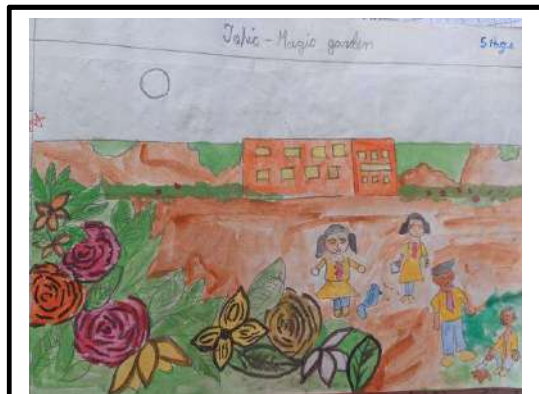
ANUSHREE KOTOKY CLASS -III
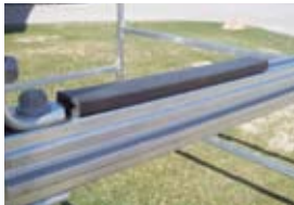
Vinyl crossbar option for 3 and 4 boat rack
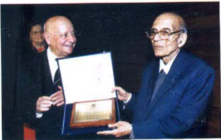
Receiving Golden Prize from the CESMEO, the International Institute for Advanced Asian Studies, Torino, Italy, 2001
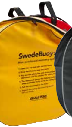
Swedebuoy man overboard recovery system yellow art no 9590 Spare cover yellow art no 9591
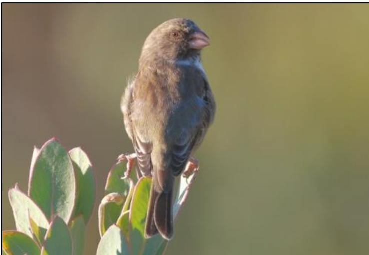
Protea Canary

Being based in Ceres for two nights gave us the opportunity to explore the Karoo. Our day in this unique habitat ensured a bunch of new species for our list, and we found several Pale Chanting Goshawk, Karoo Korhaan, the shy Red-chested Flufftail, Pririt Batis, Namaqua Warbler, Rufous-eared Warbler, rock-hopping Cinnamon-breasted Warbler, Karoo Eremomela, Karoo and Tractrac Chats, Capped Wheatear and Dusky Sunbird. On our final morning, we notched up a splendid Protea Canary – a tricky endemic,
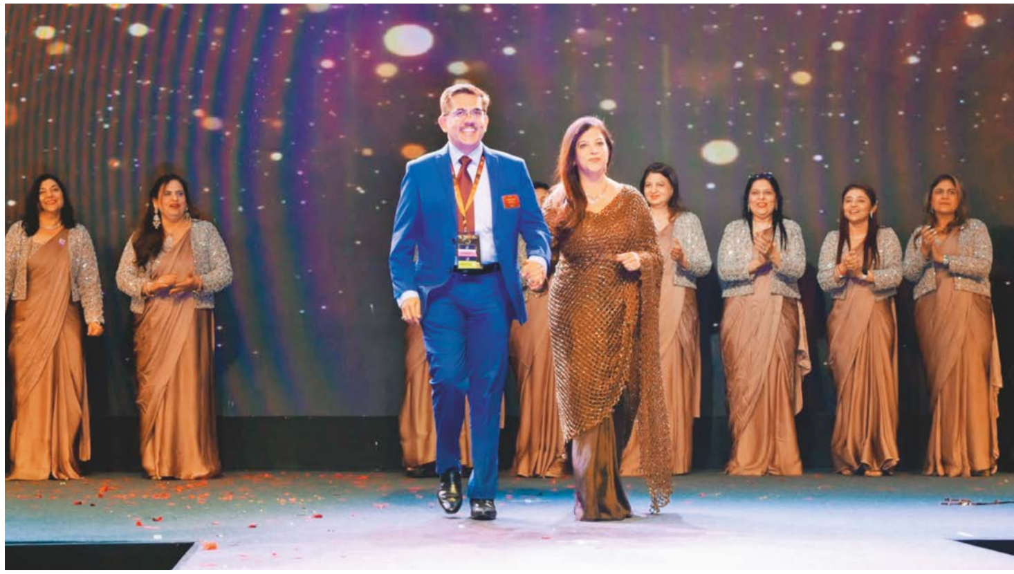
LEADING WITH ELEGANCE: Own the stage, own the moment. When the vision is clear, every step feels like a victory lap. Grateful for the journey and the incredible team behind us.

A vibrant runway celebration uniting diverse themes, cultures, creativity, and talented participants across all zones.
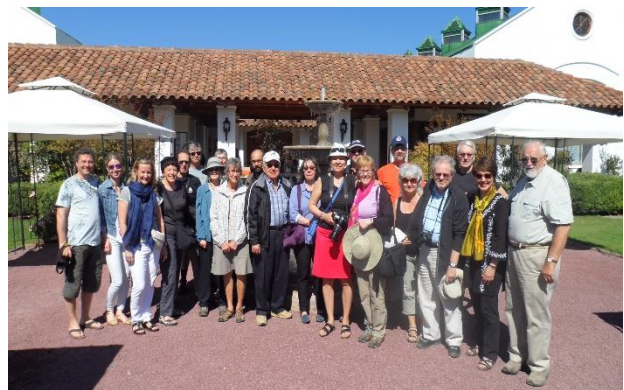
Doctors-on-Tour - Chile & Argentina

☆ ☆ ☆ ☆ ☆ ☆ ☆

**Exercise instructions**
Apply a filter to the listing above so that only lines with "Protea" are kept, and copy those lines.

**Solution below**
Protea Canary
Being based in Ceres for two nights gave us the opportunity to explore the Karoo. Our day in this unique habitat ensured a bunch of new species for our list, and we found several Pale Chanting Goshawk, Karoo Korhaan, the shy Red-chested Flufftail, Pririt Batis, Namaqua Warbler, Rufous-eared Warbler, rock-hopping Cinnamon-breasted Warbler, Karoo Eremomela, Karoo and Tractrac Chats, Capped Wheatear and Dusky Sunbird. On our final morning, we notched up a splendid Protea Canary – a tricky endemic,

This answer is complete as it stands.